1. An interest area analysis method in an archive based on image processing and BIM is characterized in that: comprises the following steps:

step 1, constructing a BIM of an archive and an information exchange module thereof;

step 3, carrying out multi-target posture estimation on the collected images of the human bodies of the visitors by using a DNN neural network to obtain human body targets under a multi-target scene, marking the human body targets in the images in a form of a surrounding frame, and obtaining the total number P of people entering the showcase area within a set time period;

step 4, detecting the feet parts in the image corresponding to each human body target by using a DNN neural network, and marking the feet parts in the image in a key point mode;

step 5, projecting the positions of the key points of the two feet in the image in the step 4 on the BIM ground in real time by using projection transformation;

step 6, judging the lingering duration of the human body target according to the coordinate change of the key points of the two feet on the time sequence to obtain the lingering coefficient of the visitor in the showcase area;

step 8, accumulating the interest degrees of all visitors in the showcase area to obtain the total interest degree of the showcase area,

the overall interest level L of the showcase region is as follows:

2. The image processing and BIM based method for analyzing regions of interest in an archive as claimed in claim 1, wherein: in the step 1, the information exchange form of the information exchange module is RESTful or MQ.

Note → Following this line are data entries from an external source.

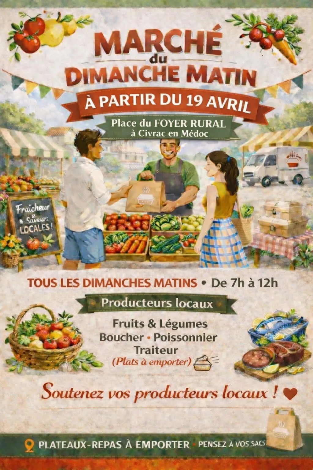 Le marché hebdomadaire se tient les dimanches matins. Venez découvrir les spécialités locales et régionales de nos différents commerçants.
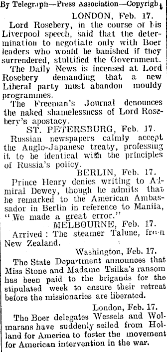 By Telegraph—Press Association—Oopyrigbj LONDON, Feb. 17. Lord Rosebery, in the course of Ms Liverpool speech, said that the determination to negotiate only with Boer leaders who would be banished if they surrendered, stultified the Government. The Daily News is incensed at Lord Rosebery demanding that a new Liberal party must abandon mouldy programmes. ’the Freeman’s Journal denounces the naked shamelessness of Lord Roseberv’s apostacy. ST. PETERSBURG, Feb. 17. Russian newspapers calmly accept the Anglo-Japanese treaty, professing it, to he identical witlh the principles of Russia’s policy. BERLIN, Feb. 17. Prince Henry denies writing to Admiral Dewey, though he admits that he remarked to the American Ambassador in Berlin in reference to Manila, “ We made a great error.” MELBOURNE, Feb. 17. Arrived : The steamer Talune, fnwi New Zealand. Washington, Feb. 17. The State Department announces that Miss Stone and Madame Tsilka’s ransom has been paid to the brigands for the stipulated week to ensure their retreat before the missionaries are liberated. London, Feb. 17. Tho Boer delegates Weasels and Wolmarans have suddenly sailed from Holland for America to foster the movement for American intervention in the war.
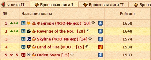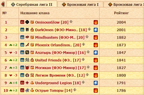 Бронзовая лига буквально выстрелила залпом кланов, которые поднялись в серебро. Всего за один тур, состоявшийся на неделе, повышение получили Spelaean brothers, Werewolves, Снежинки и Fiends.

3. The image processing and BIM based method for analyzing regions of interest in an archive as claimed in claim 1, wherein: in the step 3, a Top-down Top-down method is used for multi-target attitude estimation: firstly, detecting the human body of the visitor to obtain an enclosing frame, and then carrying out image crop to obtain a cutting image.

4. The image processing and BIM based method of analyzing regions of interest in an archive as claimed in claim 3, wherein: the center point, width and height of the bounding box of the human body were obtained by regression using the method of centret.

5. The image processing and BIM based method of analyzing regions of interest in an archive as claimed in claim 4, wherein: and (3) solving the intersection ratio of the two adjacent surrounding frames, and judging that the two adjacent surrounding frames are detected as the same target when the intersection ratio is greater than 0.7.